Старик выхватил часы у него из рук и ретировался.
Дарвей усмехнулся. Он только что получил еще одно подтверждение тому, что железных людей не бывает. У всех есть свои маленькие слабости. Они есть даже у заносчивого, безжалостного к своим и чужим господина Томека. Иногда такая слабость может принять облик маленькой девочки, которая наверняка вьет из своего строго деда веревки.
– Оставьте нас вдвоем, - приказал Дарвей охраннику.
– Если хотите, можете закрыть дверь. Я сам вас позову, когда будет нужно.
Охранник послушно запер их, и удалился. Монах подождал, пока он отойдет на достаточное расстояние, и наклонился к пленнику. Стараясь не дотрагиваться до его искалеченных рук, опасаясь причинить новую боль, он перевернул его. Монах вытащил изо рта кляп и бросил на пол. Пленник глубоко вздохнул и посмотрел на Дарвея.
Вейнок был плох. Истощенный физически - он выглядел так, будто бы голодал не меньше недели, и духовно, он практически не понимал, где находится. Его сознание были похоронено в пучине хаоса, и слабые проблески уже не могли пробиться сквозь его черные воды. Это общение с бакетами сделало Вейнока безумным. С каждым часом его состояние ухудшалось. Он умер бы сам через пару дней или недель даже без чужого вмешательства.
– Мои пальцы... мои пальцы...
– жалостливо простонал Вейнок.
– Вы поможете мне? За что они мучают меня?! Я не хочу снова смотреть на убийства! Они делают больно и мучают меня, заставляя смотреть!
– Кто они?
– спросил Дарвей, понимая, что сейчас Вейнок имеет в виду не магов.
– Они... Тени. Неужели вы не знаете теней? Высасывают твою душу через глаза. Смотрят в глаза, и я лишаюсь души. Кусочек за кусочком, ниточка за ниточкой... Иногда я не помню своего имени. Я - никто! Меня нет, а тень всегда рядом. А как они могут смотреть, ведь у них самих нет глаз? Даже лица нет, а камни холодные... Вы знаете, почему камни холодные?
Дарвей слушал этот бессвязный бред, и усиленно думал, как ему помочь. К душе Вейнока было страшно прикасаться, насколько она была поражена хаосом. Но ведь он единственный, кто в состоянии прийти ему на выручку.
– Вейнок, тебя зовут Вейнок...
– медленно проговорил он, касаясь висков пленника.
– Молчи и закрой глаза.
– Хорошо...
– слабым голосом ответил мужчина и подчинился.
– Только не уходите.
Монах пытался заглянуть как можно глубже в его сердце, в надежде отыскать там что-нибудь светлое. Это было невероятно трудно и противно - проходить сквозь вязкие переплетенья кошмаров, но он пересилил себя и нашел искомое.
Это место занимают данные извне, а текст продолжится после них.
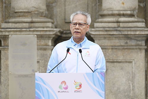 岑浩輝在收火儀式上致辭表示,在全運聖火的映照下,共同見證第十五屆全國運動會澳門賽區火炬傳遞的圓滿完成。全運聖火象徵光明與希望,火炬傳遞,是精神的傳遞,更是力量的凝聚。聖火穿越澳門的大街小巷,由50位火炬手接力相傳,每一步都展現了澳門奮發同行的城市風采,每一次交接都傳承團結拼搏的體育精神。此刻,聖火在大三巴牌坊前匯聚,共同點亮了“灣區同心 全運同行”的璀璨之光。

Крохотный кусочек золотого огня еще теплился в этом человеке. Странный манящий огонек притягивал Дарвея сильнее, чем что-либо до этого. Это была чистая любовь, не испорченная безумием, не успевшая превратиться в ненависть. Огонек напоминал, что самое дорогое рядом, а время потрясений уже прошло. Наступает момент, когда все мы страшимся одиночества, но для пленника его ужас миновал навсегда. Душа Вейнока, так громко зовущая к себе, была подобна потерянному младшему брату.
Чувства, словно неудержимая горная лавина, обрушились на Дарвея. Он ощутил невероятную горечь утраты переданную ему Вейноком. К ней примкнули воспоминания, длинная вереница воспоминаний, похожих на причудливые тени - таких же изменчивых...
Но это уже было когда-то. Он уже переживал подобные чувства. Тогда, в копях Химер, отпив из злополучного источника...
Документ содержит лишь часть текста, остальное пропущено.